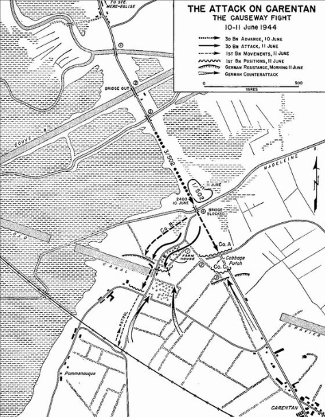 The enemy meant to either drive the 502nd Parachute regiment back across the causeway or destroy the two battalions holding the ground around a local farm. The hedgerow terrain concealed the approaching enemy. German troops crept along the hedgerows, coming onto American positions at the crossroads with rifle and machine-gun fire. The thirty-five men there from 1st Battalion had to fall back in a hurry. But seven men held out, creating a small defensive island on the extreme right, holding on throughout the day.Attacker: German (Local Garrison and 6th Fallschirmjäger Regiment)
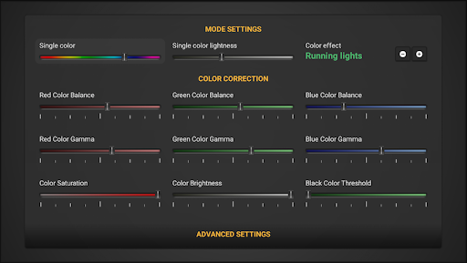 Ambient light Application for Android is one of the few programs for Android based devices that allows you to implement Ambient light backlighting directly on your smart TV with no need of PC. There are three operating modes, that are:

━━━━━━

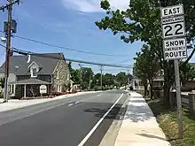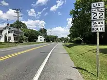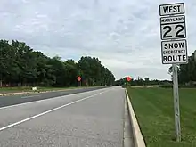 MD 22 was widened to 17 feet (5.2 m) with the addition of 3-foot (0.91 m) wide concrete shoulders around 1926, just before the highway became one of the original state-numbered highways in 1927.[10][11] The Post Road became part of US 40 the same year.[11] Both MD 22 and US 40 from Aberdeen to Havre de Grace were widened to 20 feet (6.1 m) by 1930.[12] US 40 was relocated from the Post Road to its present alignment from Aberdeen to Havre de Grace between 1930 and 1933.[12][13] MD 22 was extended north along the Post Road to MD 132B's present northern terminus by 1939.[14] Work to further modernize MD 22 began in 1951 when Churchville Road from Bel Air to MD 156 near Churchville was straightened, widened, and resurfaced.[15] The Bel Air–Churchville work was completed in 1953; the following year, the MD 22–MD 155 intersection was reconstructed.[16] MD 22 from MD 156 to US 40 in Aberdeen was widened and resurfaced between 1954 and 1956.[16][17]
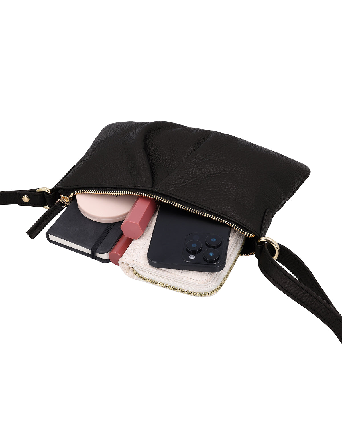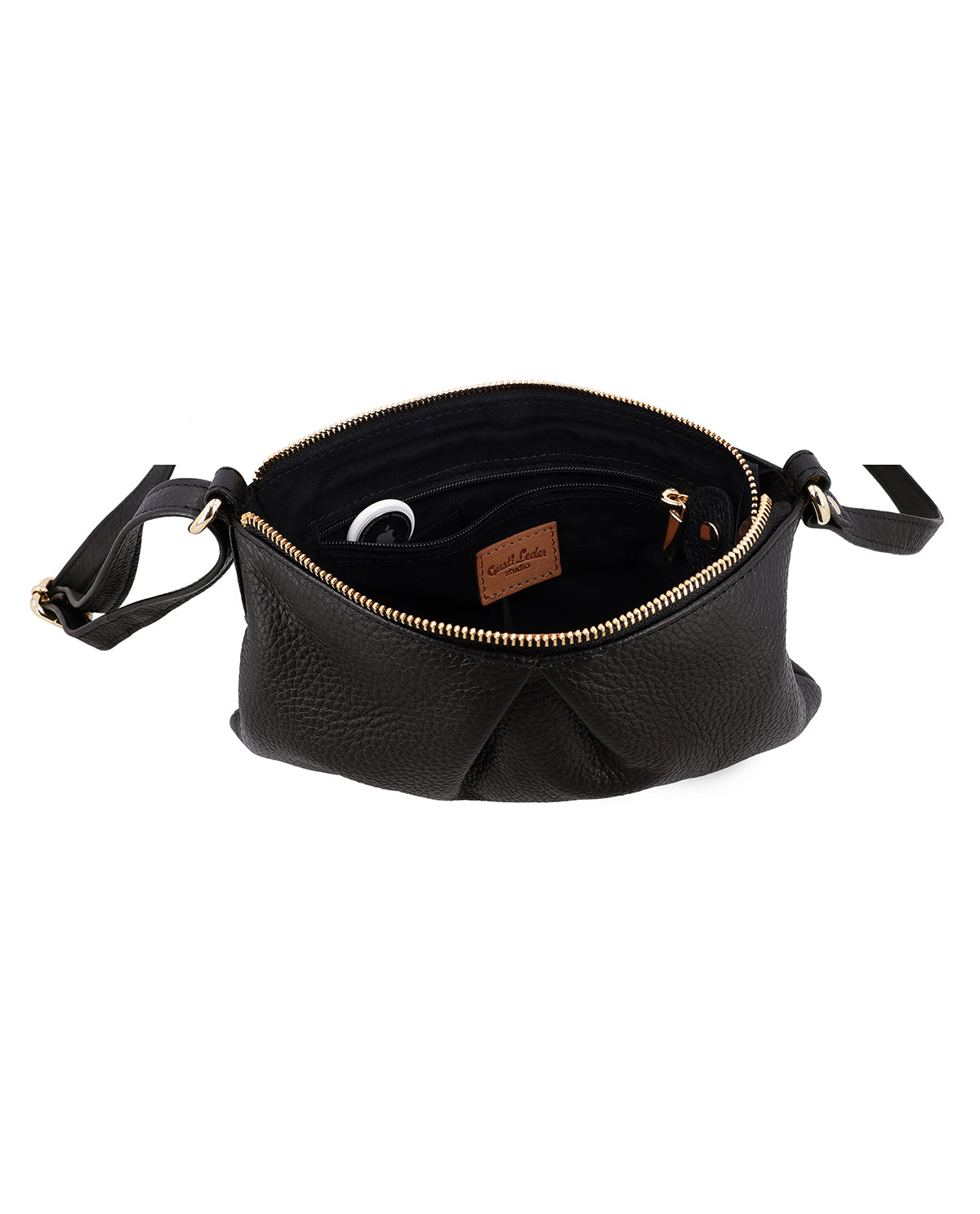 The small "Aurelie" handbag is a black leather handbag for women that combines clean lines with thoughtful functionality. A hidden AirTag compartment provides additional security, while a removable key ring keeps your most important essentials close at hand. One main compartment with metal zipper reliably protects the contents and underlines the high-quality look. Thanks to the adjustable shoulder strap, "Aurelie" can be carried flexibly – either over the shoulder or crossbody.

━━━━━━

For this exercise, transcribe exactly the part of the records above that opens with the line containing "The enemy meant" and closes with the one containing "Ambient light Application". Pictures are not part of the copy.

> RESULT OF THE EXERCISE
 The enemy meant to either drive the 502nd Parachute regiment back across the causeway or destroy the two battalions holding the ground around a local farm. The hedgerow terrain concealed the approaching enemy. German troops crept along the hedgerows, coming onto American positions at the crossroads with rifle and machine-gun fire. The thirty-five men there from 1st Battalion had to fall back in a hurry. But seven men held out, creating a small defensive island on the extreme right, holding on throughout the day.Attacker: German (Local Garrison and 6th Fallschirmjäger Regiment)
 Ambient light Application for Android is one of the few programs for Android based devices that allows you to implement Ambient light backlighting directly on your smart TV with no need of PC. There are three operating modes, that are:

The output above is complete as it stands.